This series is not meant to be a complete retrospective of Sylvie Guillem’s biographical history. Nor is it meant to focus on her retirement entirely because I’ve come to believe that she will dance again, and she will remain an important and active figure in the dance world.
Notorious for not working with others as well as silent, obedient ballerinas were suppose to, Sylvie Guillem started her career with a burning personality to dance the roles she knew she wanted and was suited for at the moment. And later into her life, she’s not only kept that definite fire, but she’s also found room to open up to new choreographers and new styles. This balanced life of “no” and “yes” has caused her to elevate her dancing history with rich ballet roles in classical, contemporary, and beyond.
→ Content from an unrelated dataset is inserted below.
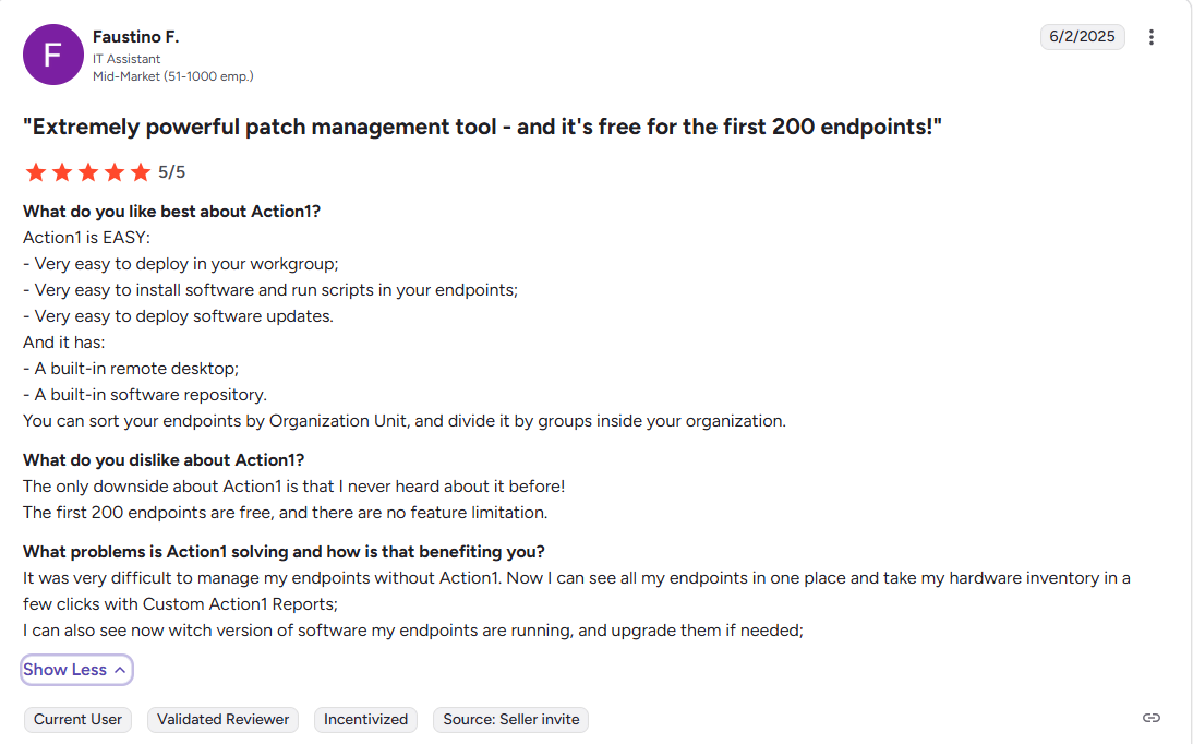 Action1 is infinitely scalable, and you can go from hundreds to hundreds of thousands of endpoints at a gradually lowering per-endpoint cost. On top of that, the software is free for your first 200 endpoints, fully featured, forever. This allows small businesses to use it for free as long as they want, while large enterprises can thoroughly test it before purchasing.
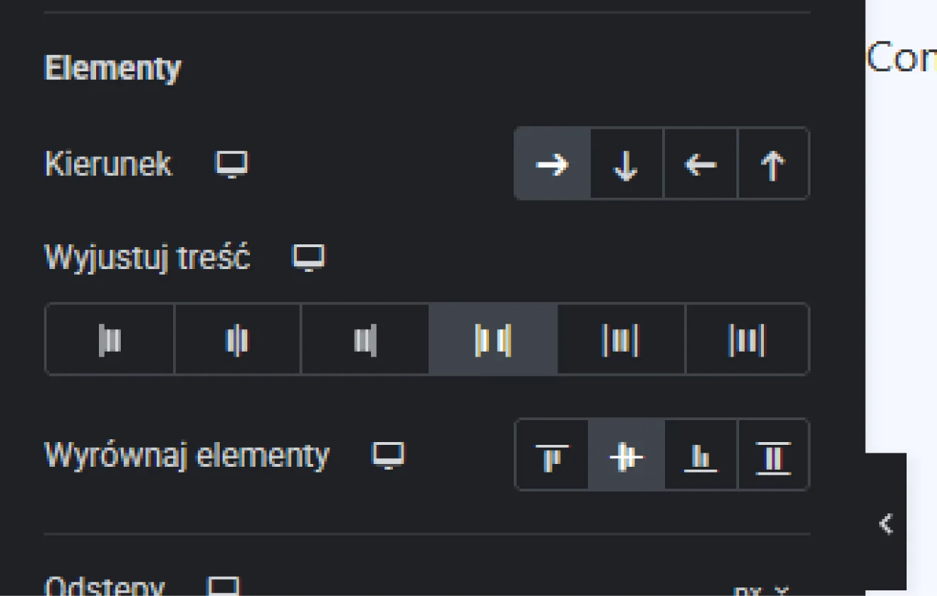 Zacznijmy od początku: za pomocą Elementora dodaj pierwszy kontener, w którym umieścisz pozostałe elementy. Jeśli Elementor zapyta Cię o rodzaj układu, wybierz „Elastyczne pole”, a w przypadku struktury „Kierunek wiersza” (obrazek ze strzałką w prawą stronę). W tej samej zakładce, upewnij się, że zaznaczone są opcje „Wyjustuj treść” -> „Odstęp pomiędzy” oraz „Wyrównaj elementy” -> „Wyśrodkowanie”. Zapewni to poprawne wyrównanie elementów w pionie i w poziomie wewnątrz nagłówka.

And it’s an important point to note when discussing her, rather than just focusing on her silly ‘Mademoiselle Non’ reputation.
Guillem is much bigger and better than non; Guillem is a cohort countess of dance.
Bejart has said, “It’s like a ping pong between her and me.” Mats Ek has said, “She has a blue flame within her.” And Forsythe has said, “You can’t learn what she does.” With the exception of a few choreographers, Guillem has always made immediate connections to the dance-makers that flock to her (the exceptions being Dowell and MacMillian, whom she fondly recalls later in her life after the fact). This gathering of energy to make dance, and make it extremely exceptional, is something that rivals collaborations between the great artists of time across all mediums and forms.
Personally, when I try to compare her to nondancers–which is so hard to do without them seeing her in motion– I try to use the reference of Wes Anderson and Mark Mothersbaugh. Think of Rushmore; how the scenes would appear empty without Mothersbaugh’s score or Anderson’s specific direction. And that continues with Royal Tenenbaums, into Life Aquatic. And then he expands with other composers for his later films as Mothersbaugh expands with other directors. Guillem does just that with the way she ebbs in and out with choreographers who ride the wave of dance creation just like her.
In terms of technique, she blends the choreography for the situation and the moment. She says ‘yes’ while also being sure of what she doesn’t want to utilize in a performance, whether that includes pointe shoes, tutus, socks, nudity, solos, duets, singing. It’s a remarkable contemporary trait in a professional ballerina and contemporary dancer to know herself while remaining vulnerable to the art form. And Guillem has managed to become both at once with the mindset of an artist to dance rather than for herself. And while it may appear that she is set on pushing herself further with more exposure before everything else, (she did do that fabulously glamorous photoshoot for Vogue, something few dancers in the past have touched) Guillem’s history has proven that she’s really set on pushing dance with the various choreographers of her choosing before selling herself out.
Guillem has stated that in the past she was “less malleable and a bit more stupid and closed,” but let’s not forget that everyone has had that kind of mad life flirtation at some point. I’ve said ‘non’ to many writing assignments in college only to realize I’m not bigger than the art of writing, and all exercises are worth it; I just had to narrowly tweak every writing assignment to include dance. So what made the difference was that Guillem came to the liberating realization, “I could take what I wanted and what I could not take there I would do somewhere else.” Most equally talented, but deeply forgettable, professional dancers of all kinds will just listen and learn in silence and with complete dependence.
To dance is to live, yes little Moria Sheer, but there needs to be more fire behind that life to make for a spectacular, vulnerable, curious star dancer. Guillem’s independent voice coupled with her definiteness in dance allowed her to rise higher and higher, out of reach from her peers while in classical ballet and in direct competition with those in contemporary dance. Without the connections she made with choreographers she believed in, the dance world would not have been exposed to the specific brand of extreme movement and burning passion that is a Guillem-esque collaboration, all in the name of dance.